断酒を始めて早7年目。このブログは回復プロセスの記録と脳のリハビリを兼ねて綴っています。やはり、まだチョット変ですかネ?

アルコール依存症へ辿った道筋(その26)奇妙な同行二人?

2015-04-24 20:15:02 | 自分史
 入社が3年先輩のYoさんは大学の同窓ですが、頗る人物評の悪い人でした。メガネを掛けエラの張った、見るからにガリ勉タイプの風貌をしていました。
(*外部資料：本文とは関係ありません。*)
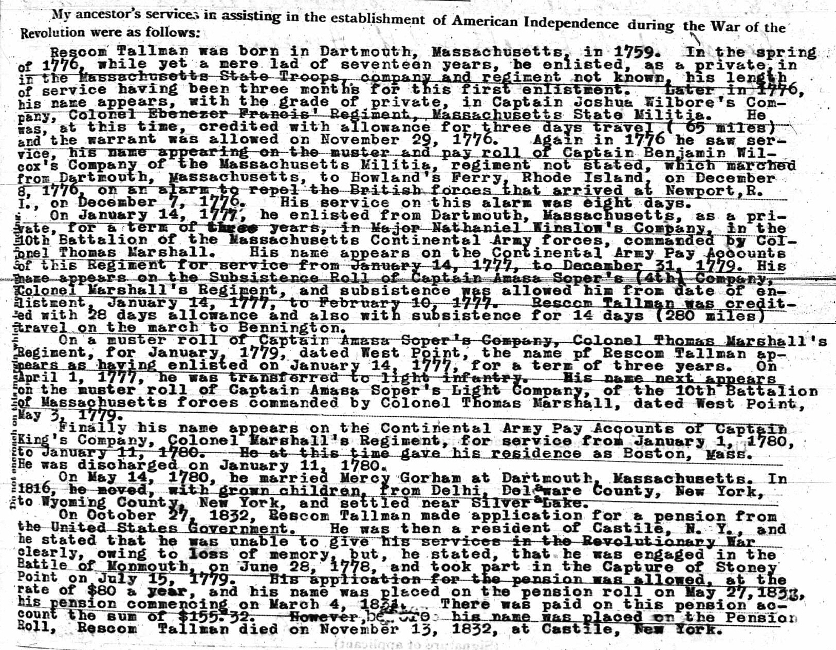 vii. Mary or Mercy Gorham b. 27 Mar 1771 in Yarmouth, Barnstable, Mass.; d. 16 May 1830 Delhi, Delaware, New York; m. 14 May 1780 in Dartsmouth, Bristol, Mass to Rescom Tallman (b. 7 Jan 1757 in Dartsmouth, Bristol, Mass. – d. 13 Nov 1832 in Castile, Wyoming, New York; Burial: Grace Cemetery, Castile). Rescom’s parents were Gideon Tallman (1725 – 1800) and [__?__]. Mary and Rescom had five children born between 1781 and 1793.

 入社して2年間研究所で製剤研究業務に携わった後、国際関係部署に移って自社開発治療薬2号品Mの海外展開プロジェクトに加わり、そのまま海外勤務となった経歴の持ち主です。その間、統一前の西ドイツに臨床開発連絡事務所を開設したぐらいで特に目立った業績はない、というのが社員間の一致した見方でした。しかし、是非とも海外展開を図りたい社長の目から見たら、海外経験のあるお気に入りの使える人物であったわけです。

 社長臨席の御前会議では、聞き取れないぐらいの声で淡々と意見を述べるだけでした。それが、我々社員だけの場になると、机上の空論としか思えない理屈を捏ね出し、話しているうちに自説に酔って次第に興奮して来るという性癖を持っていました。空想小説ばりの自説を滔々と述べ、他人の意見を全く聞かないのです。

 社長のお気に入りということが事態を一層始末の悪いものにしていました。社員の中には彼を演技性(劇場型)人格障害者とレッテルを貼った人もいました。この年の春に転勤で去ったN先輩が以前から最も嫌っていた人物でした。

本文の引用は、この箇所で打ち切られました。